Kamkwamba’s epic memoir, in which he recounts how, forced to drop out of school at 14 because famine had ruined his family’s harvest leaving them unable to pay his fees, he used books from the local library to teach himself how to build a windmill using scrap materials to generate electricity. 

His innovation and determination to provide his village, Kasungu, with electricity and water garnered first national and then international attention. Today the teenager, whose story culminated in a book and a film (available on Netflix) is still changing lives through his Moving Windmills project. The Environmental Studies graduate and entrepreneur, and his Moving Windmills project, have a long-term plan to distribute power using low-cost technologies, which will be anchored by solar, wind and rivers (mini-hydros). 

William Kamkwamba attends the premiere of the film of his book, The Boy Who Harnessed The Wind, during the 2019 Sundance Film Festival in Park City, Utah. Photo Rich Fury/Getty Images/AFP

The challenge is huge. Some 83% of Malawi’s population of approximately 19 million people lives in the rural areas. Online energy portal Energypedia noted in a 2020 report that: “Malawi’s National Energy Policy estimates that 93% of total energy demand is met by biomass. Households consume 84% of the total primary energy. A staggering 99% of household energy is supplied by biomass…. Less than 2.3% of the total national energy demand is met by electricity, 3.5% by liquid fuels and gas, and 1% by coal.”

Energypedia’s report said that only 18% of the population has access to the grid, while the almost blanket use of charcoal and firewood for domestic use is “exerting significant pressure” on the country’s forest resources.  

A 2017 study, published in the Proceedings of the National Academy of Sciences (PNAS), found that Africa has huge untapped resources for renewable energy, which must be used to meet increased demand. 

Meanwhile, the Malawi Renewable Energy Strategy estimates that the country could actually connect 27% of the population by establishing decentralised mini-grids in communities of 250 people located at least 5 km from the national grid. However, since the Malawi Rural Electrification Project (MAREP) rolled out 40 years ago, 96% of the country’s rural population still remains off grid. At the present rate, Malawi needs at least 960 years to connect every rural home or institution and achieve energy for all. 
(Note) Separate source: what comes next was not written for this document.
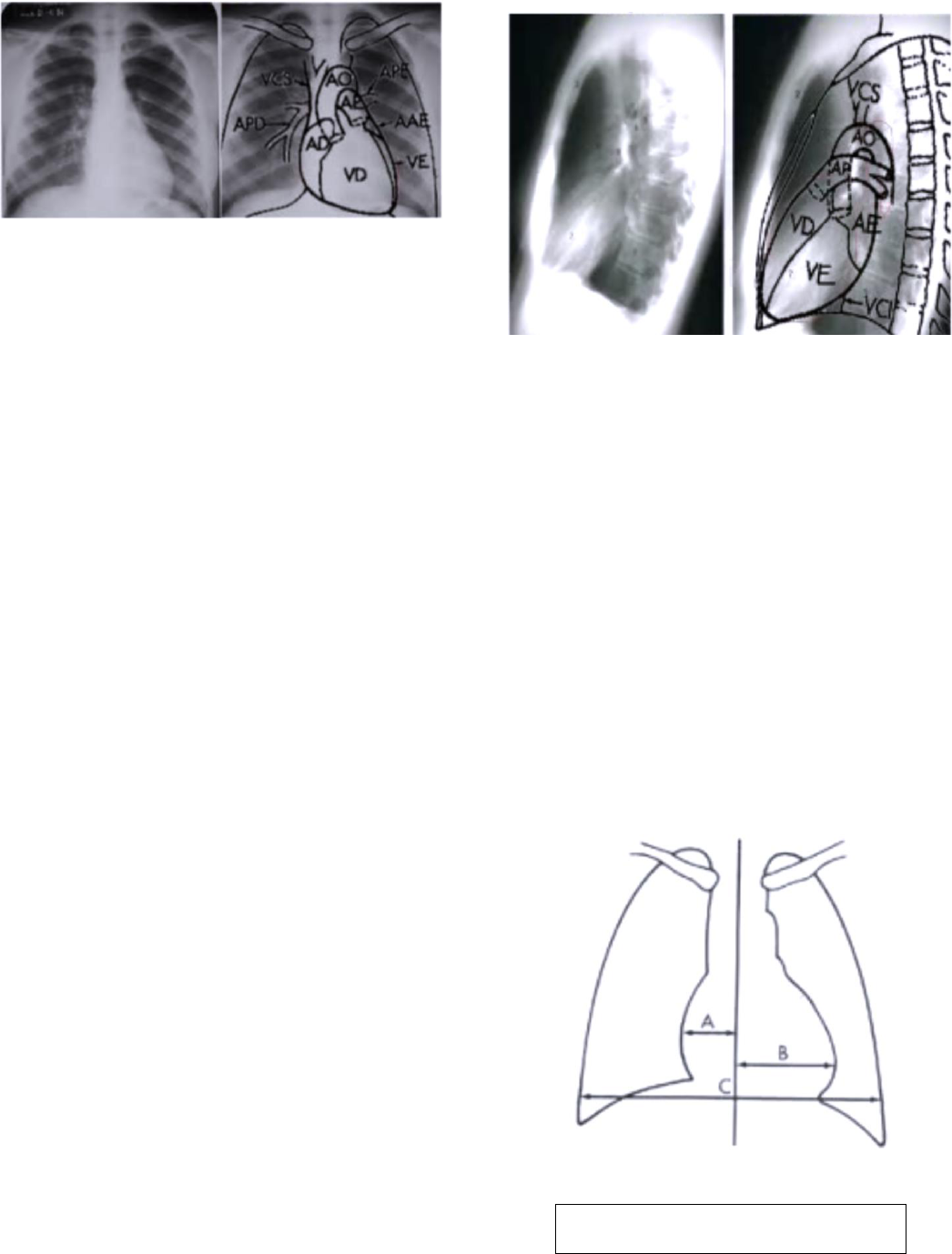 Radiologia Cardíaca Coração Normal – Incidência PA - Iniciamos pelo coração normal, incidência PA. - Começando a avaliação da silhueta normal pela borda direita na projeção PA. Perceba então, as imagens, que aparecem duas imagens: - A primeira uma radiografia normal do coração - A segunda esquemática que mostra as câmaras cardíacas - Observe então, que o coração não possui contornos expressivos. - A parte mais inferior junto ao diafragma corresponde ao átrio direito (AD) - Uma segunda saliência convexa logo acima do AD corresponde à veia cava superior (VCS). Podendo ser observada tanto na imagem real, quanto na esquemática - A silhueta cardíaca esquerda tem um formato característico com duas convexidades e uma concavidade - A primeira convexidade, mais superior e menor representa o botão aórtico - Segue-se uma concavidade, o arco médio, que representa na sua porção mais superior o tronco da artéria pulmonar e na sua porção mais inferior a auriculeta do AE. Perceba Auriculeta do Átrio Esquerdo (AAE). - Concavidade, a perda dessa concavidade pode representar alteração de uma ou de ambas as estruturas - Perceba que a última convexidade representa o Ventrículo Esquerdo (VE). - Então são duas convexidades, superior AO, uma concavidade, e inferior, segunda convexidade VE - Abaixo do arco médio segue a outra convexidade maior que segue até o diafragma que representa a parede do VE. Alterações nessa parte da silhueta representa alterações na parede do VE - Nota-se que na projeção PA normal o VD não possui expressão na silhueta cardíaca, pois essa está para frente - Alterações, portanto, do VD só se expressam de forma indireta da silhueta cardíaca em PA pelo abaulamento da porção superior do arco médio Coração Normal – Incidência Perfil - Perceba nas duas imagens, a primeira uma radiografia real e a segunda imagem que mostra o esquema - No Perfil notamos que a parte anterior da silhueta cardíaca representa basicamente o VD - Normalmente a parte anterior da silhueta no perfil ocupa apenas um terço inferior do filme. Perceba que ela encosta no esterno um terço inferior do filme. Havendo sempre uma área retroesternal livre superior - A ocupação desse espaço retroesternal pela silhueta cardíaca vai indicar alterações do VD. Ou seja, aumento do VD - A câmara mais posterior é o AE. Seu aumento só pode ser definido no perfil quando o Raio X for associado ao contraste do esôfago, que observaríamos uma compressão do esôfago Relação Cardiotorácica - Diâmetro Transverso do Coração 50% do diâmetro do tórax (DCT ≤ DTT/2) (A+B)/C = 1/2 - Perceba na imagem a relação cardiotorácica normal ou o diâmetro transverso do coração deve corresponder até 50% do diâmetro do tórax. O DCT é menor que o DTT/2. Ou seja, A + B tem que ser menor ou igual a metade de C. Se A + B for maior que a metade de C há um aumento do coração Aumento do Átrio Direito (AD) - Na incidência PA, o AD fica mais lateralizado - O AD é a câmara cardíaca de mais difícil avaliação. Muitas vezes ele apresenta uma grande dilatação mais com pouca expressão na radiografia. - Ao aumentar o seu volume o AD cresce para cima e para direta, para esquerda, para frente e para trás. Então ele cresce em todos os sentidos Principais sinais radiológicos na incidência póstero- anterior (PA) 1 - Acentuação da convexidade da borda atrial 2 - Afastamento da borda direita do coração da coluna 3 - Elevação do ponto de interseção do átrio com a cava superior 4 - Alteração do ângulo cardiofrênico - Observe que no lado direito do coração, o AD afastado da coluna vertebral. Perceba como este está aumentado - Comparação entre Imagem do AD normal e AD aumentado. Observe como no AD normal não está afastado da coluna vertebral, como não há uma acentuação da sua convexidade na borda atrial. Percebe que ele é pouco convexo. No AD aumentado a convexidade é muito maior. Aumento do Átrio Esquerdo (AE) - Na incidência PA - Duplo contorno atrial à direita - Corresponde a imagem da borda lateral do AE dentro da sombra cardíaca - Lado esquerdo normal e lado direito aumento do lado esquerdo que representa o duplo contorno atrial à direito - Mesmo sendo AE este duplo contorno aparece à direita Principais sinais radiológicos na incidência póstero- anterior (PA) 1 - Duplo contorno atrial 2 - Protrusão da aurícula abaixo do tronco da artéria pulmonar 3 - Abertura do ângulo de bifurcação da traqueia (carina) 4 - Deslocamento cranial do brônquio fonte esquerdo e do brônquio do lobo superior esquerdo 5 - Deslocamento lateral do esôfago 6 - Deslocamento da aorta descendente para a esquerda 7 - Alteração do ângulo costo-bronco-frênico Radiologia do Aumento do Átrio Esquerdo - Observa-se a compressão do brônquio fonte esquerdo na imagem esquemática e o aumento do AE na imagem radiológica - Pode-se observar duplo contorno atrial, protrusão da auriculeta abaixo do tronco da artéria pulmonar, abertura do ângulo de bifurcação da traqueia (carina), deslocamento cranial do brônquio fonte esquerdo, e do brônquio do lobo superior esquerdo, deslocamento lateral do esôfago, deslocamento da aorta descendente para a esquerda, alteração do ângulo costo- bronco-frênico, Perfil - Esôfago contrastado com sulfato de bário encontra- se comprimido e deslocado posteriormente Aumento do Ventrículo Direito (VD) PA Elevação da ponta do coração, assemelhando-se a imagem de um tamanco holandês Perfil Coração encosta em mais de 1/3 da parede anterior no esterno Principais Sinais da Radiografia PA 1 - Elevação da ponta do coração com modificação do contorno inferior esquerdo 2 - Protrusão do tronco da artéria pulmonar ao nível do arco médio 3 - Aumento do diâmetro transversal (grande dilatação) - O VD cresce para frente, um pouco para cima pelo seu infundíbulo, e para esquerda, modifica a borda esquerda do coraçã

 “I’m very interested in finding ways to use the knowledge that I have gained through my education and interacting with people to solve some of the problems people are facing in Malawi,” Kamkwamba told Africa in Fact.
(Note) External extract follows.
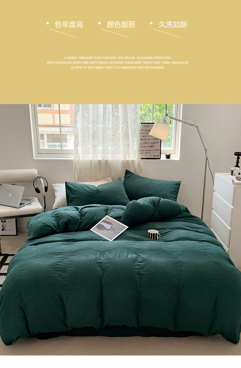 商品属性 [克重] 2000g(含)~2500g(不含) [加工定制] 是 [印染工艺] 活性印染 [图案] 纯色 [是否一般纳税人] 否 [材质] 水洗棉 [款式] 床单式 [织造工艺] 水洗,斜纹,绗缝 [风格] 北欧
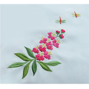 廣繡是珠江三角洲民間刺繡工藝的統(tǒng)稱,廣繡與蜀繡、湘繡、蘇繡并稱中國四大名繡。于2006年列入第一批國家非物質文化遺產(chǎn)名錄,具有極高的收藏價值。廣繡所使用的基本材料有絲絨、真絲、金線、銀線、金絨混合等幾大類。其中金銀繡獨具裝飾性,構圖飽滿勻稱,色彩輝煌,顯得富麗華貴。以其構圖飽滿,形象傳神,紋理清晰,色澤富麗,針法多樣,善于變化的藝術特色而聞名于世。廣繡多以龍鳳、花卉、禽鳥、水族、人物為主要題材,花紋繁密、瑣細,雖色彩十分強烈,但因花朵細碎,彼此相互吸收,形成和諧統(tǒng)一,獨具風格的藝術效果。色彩斑斕的廣繡以其極富裝飾性為藝術特色,是嶺南地方特色的傳統(tǒng)工藝美術品。廣繡包括有真絲繡、線繡、珠繡和釘金繡四大類。

Malawi’s Department of Energy Affairs agrees that the country cannot eliminate the huge unmet need for electricity by extending the national grid alone. The country’s revised National Energy Policy recognises the challenges of continually extending the grid because some rural populations live in hard-to-reach places. Instead, the policy recommends that Malawi diversify the generation and distribution of electricity by embracing the use of solar, water and wind mini-grids to accelerate rural electrification.  

“Rural access is to us still on the lower side; we wish we could have done more [by now]. The 2018 census shows that 84% of people in Malawi live in rural areas. This means we are still doing them a disservice,” Edgar Bayani, the Director of Community Energy Malawi (CEM), says. Bayani suggests that Malawi’s energy woes would be met if the government operationalised key policy documents such as the National Energy Policy, Renewable Energy Strategy and Action Agenda. 

Kamkwamba, meanwhile, is actively pursuing his ambition to assist Malawi by coaxing a cadre of youngsters to embrace innovation from a very young age. This includes the creation of an innovation centre in Kusungu, which will be a hub for “students, mentors and community to create innovative solutions to Africa problems”. 

“We talk about wind and solar because it’s a simpler and cheaper way to give us electricity and irrigation,” Kamkwamba says. “Clean water and power are our right as humans on this earth, and for too long our governments in Africa have failed to provide these things.”  

The Moving Windmills Project foundation is working with five primary and secondary schools in Kasungu to solarise their power and has installed internet-in-a-box systems, with the primary goal of bringing consistency to every school day for hundreds of students.  

“We have been able to build three classroom blocks with two classes each for the local primary school, Wimbe Primary School,” Kamkwamba says. “These new classrooms have solar panel installations that allow the students to study late into the night. We have also installed solar panels and systems in Kachokolo High School, which has allowed the students to use computers for their studies for the first time in their lives.” 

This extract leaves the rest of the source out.